Rebuild Gearpump documentation with MkDocs

2016-09-25Home

(Disclamer: I am a committer of Apache Gearpump(incubating))

What's wrong with Jekyll

Apache Gearpump(incubating) website is currently built with Jekyll, the most popular static site generator. Most of the contents are written in Markdown while Jekyll allows you to mix in HTMLs. With the default "Bootstrap" style theme, the website has a two-level top navigation bar. That is good for a general blog but not for documentations because the items are hidden in the pull-down menu and there is no table of contents for each page. First-time visitors won't know what to look for or which menu to click on.

I prefer the "ReadTheDocs" style like Confluent's Doc site where all the items are shown on the sidebar. If you click on one item, it will be collapsed into a multi-level table of contents and it's easy to go back and forth. I've been searching for such themes in Jekyll but the closest I've found is Jekyll Doc Theme. However, the table of contents of a page lies at the head of contents which I think is not convenient for navigation. Confluent's Doc site is built with Sphinx and the sources are written in reStructuredText. I didn't want to raise the bar for contributors by learning another markup language so I started to look for alternative generators that support Markdown.

MkDocs is by far the best answer with both Markdown sources and built-in "ReadTheDocs" theme. Then I started to rebuild documentations with MkDocs. It's not a smooth transition and I'd like to record the roadblocks.

Roadblocks

Global Variables

We may have version numbers in the documentation here and there. For example,

### To run WordCount example
bin/gear app -jar examples/wordcount-2.11-0.8.1-assembly.jar org.apache.gearpump.streaming.examples.wordcount.WordCount

There are two version numbers here, scala version(2.11) and gearpump version(0.8.1). We don't want to hardcode the numbers which would mean updating all the numbers whenever a new version of Gearpump is released. We want variables. In Jekyll, we can define version numbers as variables in configuration files. Unfortunately, MkDocs hasn't supported variables for Markdown source yet and the work is still under discussion.

In the discussion thread, someone shared a work-around where markdown sources are pre-processed with a template system like mustache and variables will be replaced with corresponding values. The previous example is now written as

{% raw %}

### To run WordCount example
bin/gear app -jar examples/wordcount-{{SCALA_BINARY_VERSION}}-{{GEARPUMP_VERSION}}-assembly.jar org.apache.gearpump.streaming.examples.wordcount.WordCount

{% endraw %}

and the variables are defined in a yaml file

---
GEARPUMP_VERSION: "0.8.2-SNAPSHOT"
SCALA_BINARY_VERSION: "2.11"
SCALA_VERSION: "2.11.8"
---

Also, I added scripts to copy documentations to a temporary directory and traverse down the directory pre-processing source with mustache.

Finally, update docs_dir configuration from the default docs to tmp in mkdocs.yml.

docs_dir: tmp

My first thought was to pre-process the HTMLs in site but they got overwritten when I run mkdocs serve.

Code Blocks

Existing code examples are written in fenced code blocks from GitHub Flavored Markdown.

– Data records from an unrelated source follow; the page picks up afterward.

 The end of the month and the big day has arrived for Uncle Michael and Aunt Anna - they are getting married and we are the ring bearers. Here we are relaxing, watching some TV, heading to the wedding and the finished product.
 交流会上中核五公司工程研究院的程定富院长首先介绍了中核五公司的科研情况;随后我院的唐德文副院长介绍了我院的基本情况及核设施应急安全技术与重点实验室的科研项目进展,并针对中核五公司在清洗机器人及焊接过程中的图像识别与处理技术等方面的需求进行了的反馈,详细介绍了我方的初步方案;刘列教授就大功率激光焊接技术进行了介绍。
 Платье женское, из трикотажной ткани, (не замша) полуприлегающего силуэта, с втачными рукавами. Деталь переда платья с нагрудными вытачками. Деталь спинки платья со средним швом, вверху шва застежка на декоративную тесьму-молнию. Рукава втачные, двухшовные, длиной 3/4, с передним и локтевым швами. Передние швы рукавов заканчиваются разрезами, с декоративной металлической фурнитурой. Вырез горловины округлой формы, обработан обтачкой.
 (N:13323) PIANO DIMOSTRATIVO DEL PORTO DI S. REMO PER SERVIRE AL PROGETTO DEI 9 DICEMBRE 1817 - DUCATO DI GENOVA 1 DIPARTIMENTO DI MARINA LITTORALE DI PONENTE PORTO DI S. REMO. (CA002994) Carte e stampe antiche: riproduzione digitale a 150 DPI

MkDocs uses Python Markdown library to translate Markdown files into HTML. Python-Markdown has fenced_code extensions but there is a warning that

Fenced Code Blocks are only supported at the document root level. Therefore, they cannot be nested inside lists or blockquotes.

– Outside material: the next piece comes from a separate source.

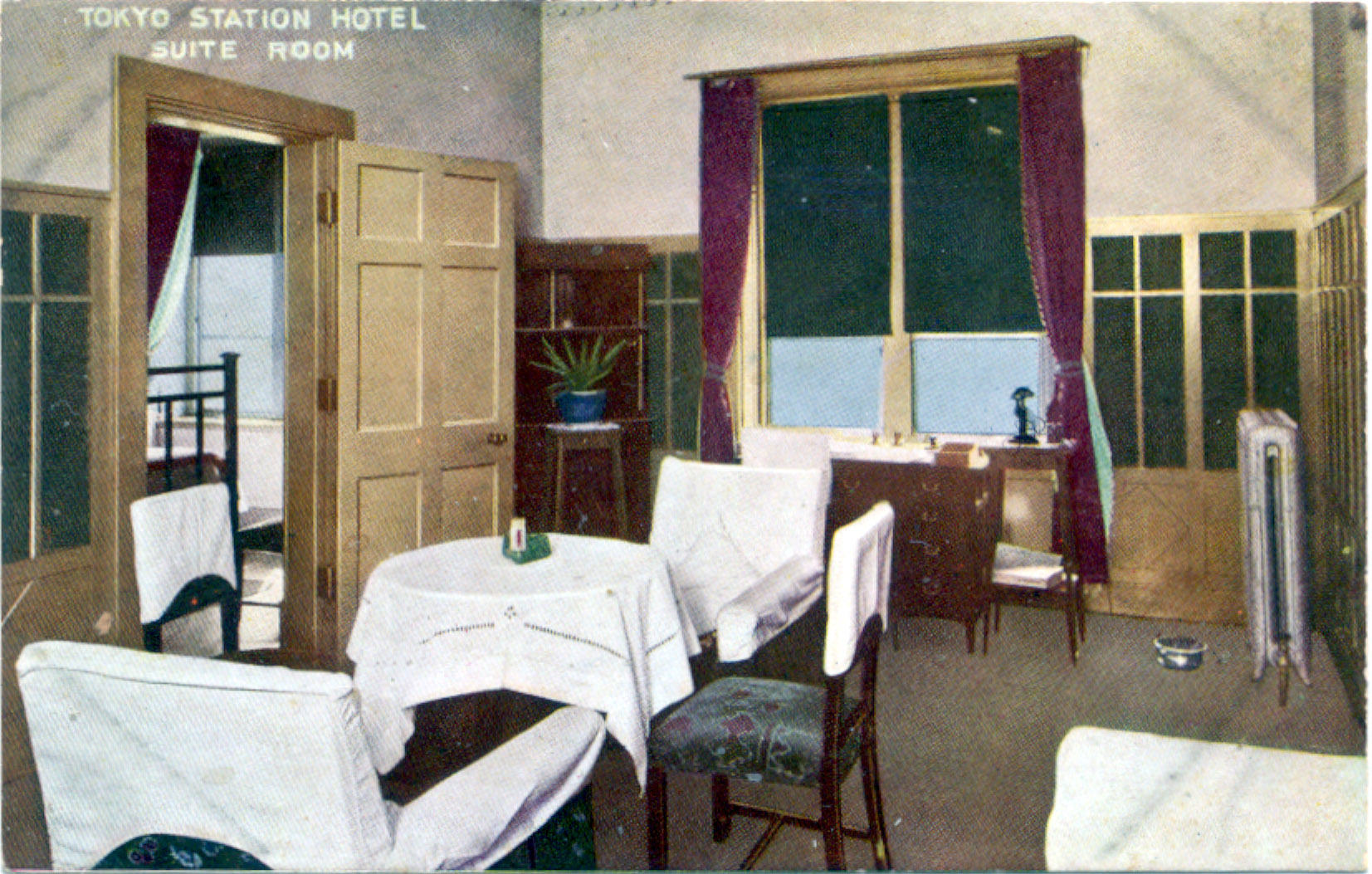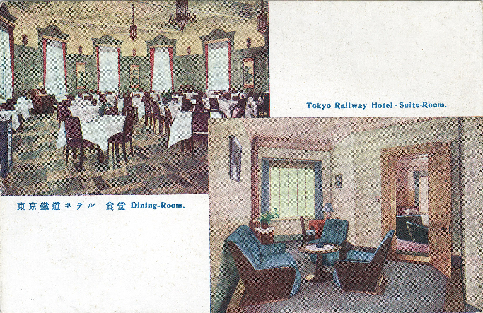 Hotel suite-room and dining room, Tokyo Railway Hotel, c. 1930.

A downside of markdown is many implementations do not enforce markdown syntax, for example, "each subsequent paragraph in a list item must be indented by either 4 spaces or one tab". This is enforced in Python-Markdown.

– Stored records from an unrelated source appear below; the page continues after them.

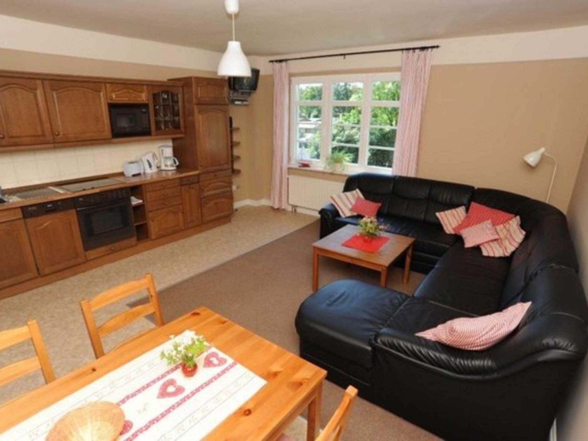 Besuchen Sie uns in der VILLA SEEFELD ÜCKERMÜNDE und sichern Sie sich das beste Angebot. Das Wohnzimmer ist mit einer ausklappbaren Sitzgarnitur und TV ausgestattet. Im Schlafzimmer befindet sich ein vollwertiges Doppelbett. Dusche und WC sind räumlich voneinander getrennt. Die Wohnung verfügt über eine Küchenzeile.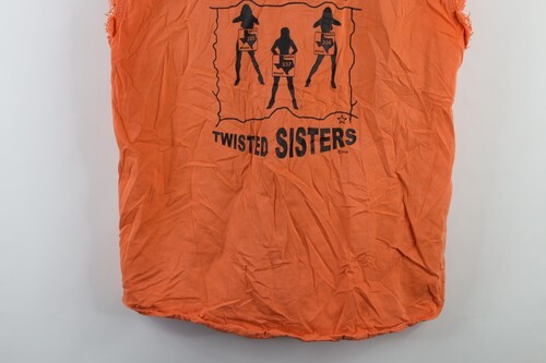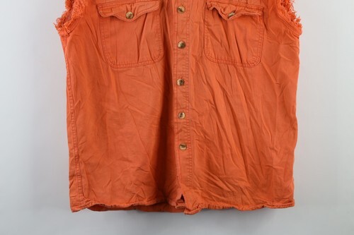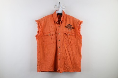 Vtg Y2K Mens M Faded Texas Motorcycle Twisted Sisters Cut Off Denim Button Shirt
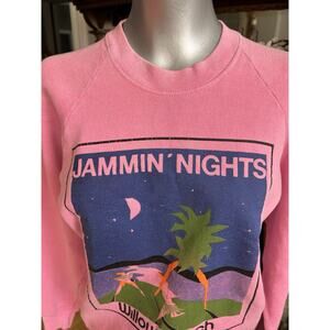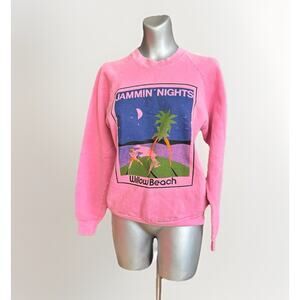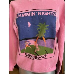 Retro vibes all around — this vintage VERY pink “Jammin’ Nights” Willow Beach sweatshirt it straight out of the 80s/90s. Made in the USA on a classic Fruit of the Loom tag with soft fleece inside and a bold graphic featuring palm trees and sunset colors.

For code blocks inside list, we indent by 8 spaces or two tabs and use codehilite extensions.

1. item1 

		:::scala
		# Code goes here ...

2. item2
3. item3

There is a bug when using both fenced_code and codehilite extensions. Meanwhile I think it's better to stick to one style so I replaced all fenced code blocks with codehilite syntax.

Remember to add the markdown extension in mkdocs.yml,

markdown_extensions:
    - codehilite:
        use_pygments: False

I switched off Pygments highlights since it caused a line of code to overflow if it is too long.

Unsolved issues

With the above roadblocks moved aside, the new documentation is good to go although some minor issues remain unsolved yet.

Summary

Here is a comparison of documentations before and after the change.

before

after

The details are at https://github.com/apache/incubator-gearpump/pull/88.

This seems a lot of work but I believe it's worth transiting to a doc style that helps users to learn Gearpump more easily.